That's it... even without reboot... working like a charm... maybe a hint in the Readme.md for that?
Checking for capability sys_nice: yes
Checking for capability net_admin: yes
usermod: no changes
2/3/2021 -- 21:17:02 - <Notice> - This is Suricata version 6.0.1 RELEASE running in SYSTEM mode
2/3/2021 -- 21:17:02 - <Warning> - [ERRCODE: SC_ERR_NO_RULES(42)] - No rule files match the pattern /var/lib/suricata/rules/suricata.rules
2/3/2021 -- 21:17:02 - <Warning> - [ERRCODE: SC_ERR_NO_RULES_LOADED(43)] - 1 rule files specified, but no rules were loaded!

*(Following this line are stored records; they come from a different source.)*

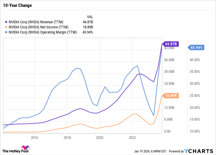 위 도표는 한 회사의 놀라운 위업을 보여줍니다. 불과 1년 만에 엔비디아의 매출은 66.4% 증가했고 순이익은 4배 이상 증가했습니다. 하지만 가장 눈에 띄는 것은 엔비디아의 마진입니다. 449억 달러의 매출에 189억 달러의 순이익을 올린다는 것은 거의 전례가 없는 일입니다. 엔비디아는 매출 1달러당 수익이 너무 많아서 주가수익비율(P/E)을 축소하기 위해 매출을 그만큼 늘릴 필요가 없습니다.
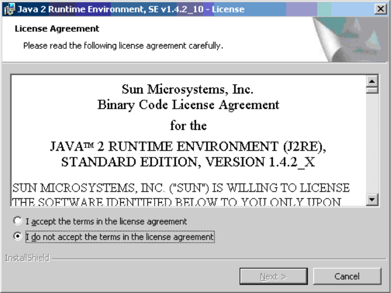 Aufruf des Programms j2re-1_4_2_10-windows-i586-p.exe. 1
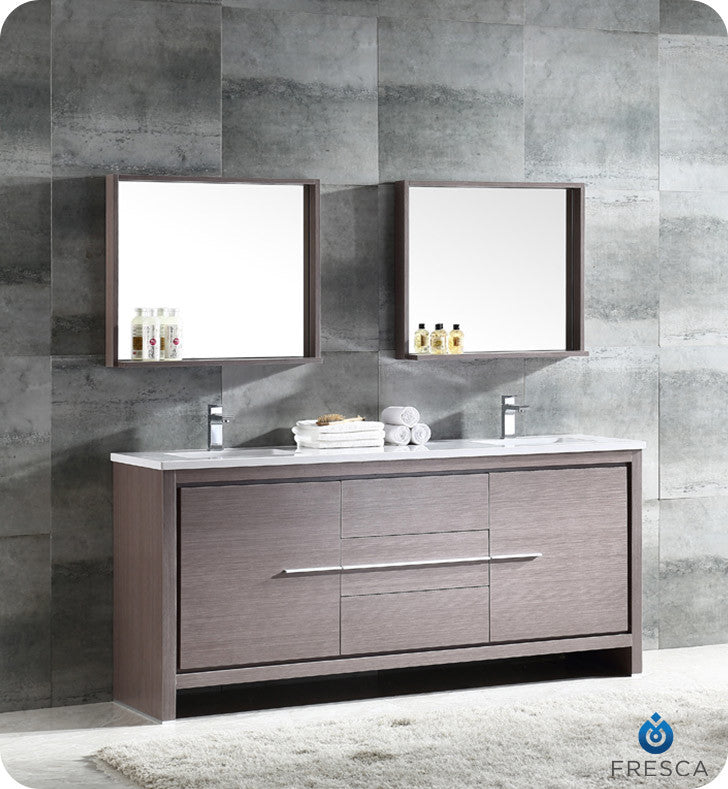 Allier 72" Gray Oak Modern Double Sink Bathroom Vanity, Faucet, FFT9161BN
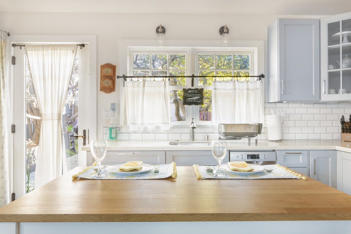 Cabana noastră poate fi casa ta confortabilă departe de casă. Bucătăria bucătăriei are aragaz, cuptor, frigider și congelator, plus cafetieră Keurig. Vrei să-ți faci propriul smoothie pentru micul dejun? Există un Vitamix pentru tine. Preferi cafeaua cu presă franceză? Avem o mașină de spălat rufe și o presă franceză pentru tine. Bucură-te de micul dejun sau de paharul de vin de seară pe terasa ta privată sau relaxează-te în timp ce urmărești emisiunea sau filmul tău preferat pe televizorul nostru inteligent.
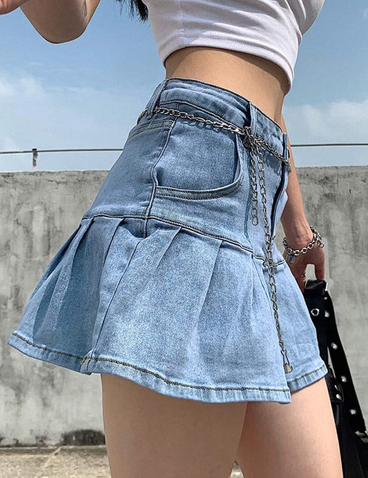 Women's Casual Slim A-line Pleated Ruffle Short Mini Denim Skirts
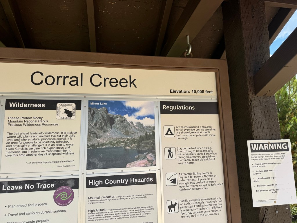 When we picked up our permits, a ranger reminded us the hike was exposed, scarred by the 2020 Cameron Peak Fire. The loss of trees meant less shade and hotter miles, but it also opened up sweeping views that might not have been visible before. With packs loaded and permits in hand, we headed up Poudre Canyon Road to Corral Creek trailhead, ready to step into the wild.
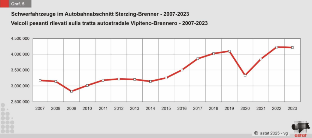 Die meistbefahrene Straße bleibt die Schnellstraße Meran-Bozen (MeBo) mit täglich rund 42.227 Fahrzeugen. Auf der Brennerautobahn wurde das höchste Verkehrsaufkommen seit zehn Jahren registriert, besonders stark zwischen S. Michele und Neumarkt/Auer.
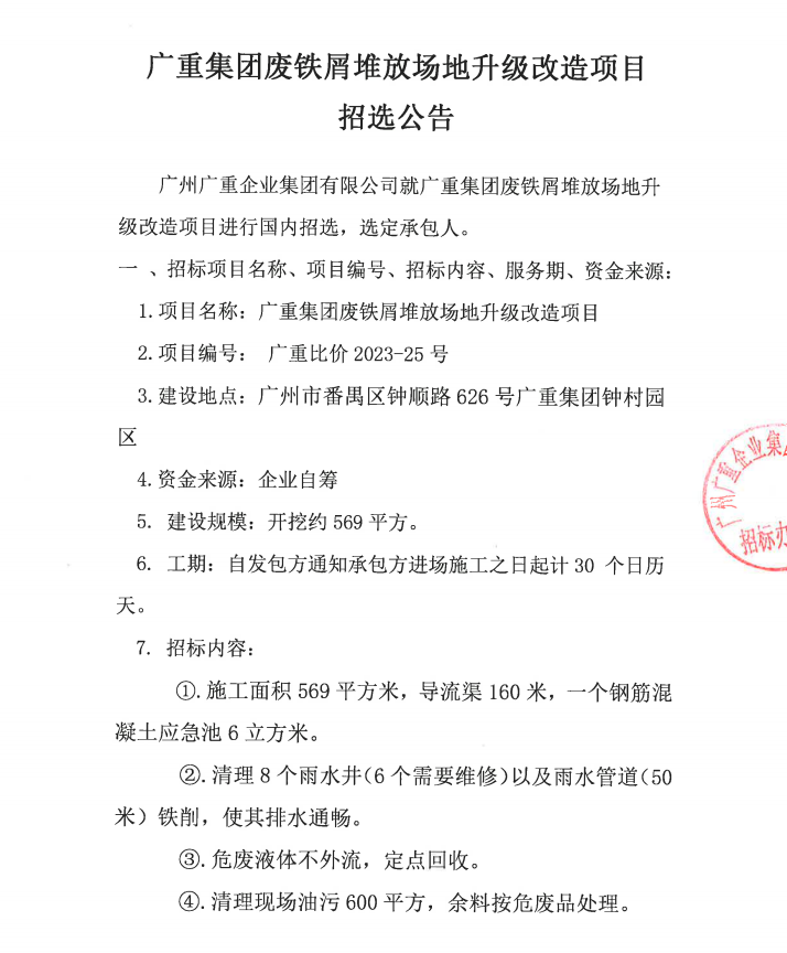 廣重集團(tuán)廢鐵屑堆放場地升級(jí)改造項(xiàng)目招選公告

2/3/2021 -- 21:17:02 - <Notice> - all 4 packet processing threads, 4 management threads initialized, engine started.
Rapberry Pi4 - Raspberry OS
Starting fresh with empty volumes log timestamps look like this:
`Creating /etc/suricata/classification.config.
Creating /etc/suricata/reference.config.
Creating /etc/suricata/suricata.yaml.
Creating /etc/suricata/threshold.config.
Creating /etc/suricata/update.yaml.
Checking for capability sys_nice: yes
Checking for capability net_admin: yes
25/4/2071 -- 06:28:56 - - This is Suricata version 6.0.1 RELEASE running in SYSTEM mode
25/4/2071 -- 06:22:40 - - [ERRCODE: SC_ERR_NO_RULES(42)] - No rule files match the pattern /var/lib/suricata/rules/suricata.rules
25/4/2071 -- 06:24:32 - - [ERRCODE: SC_ERR_NO_RULES_LOADED(43)] - 1 rule files specified, but no rules were loaded!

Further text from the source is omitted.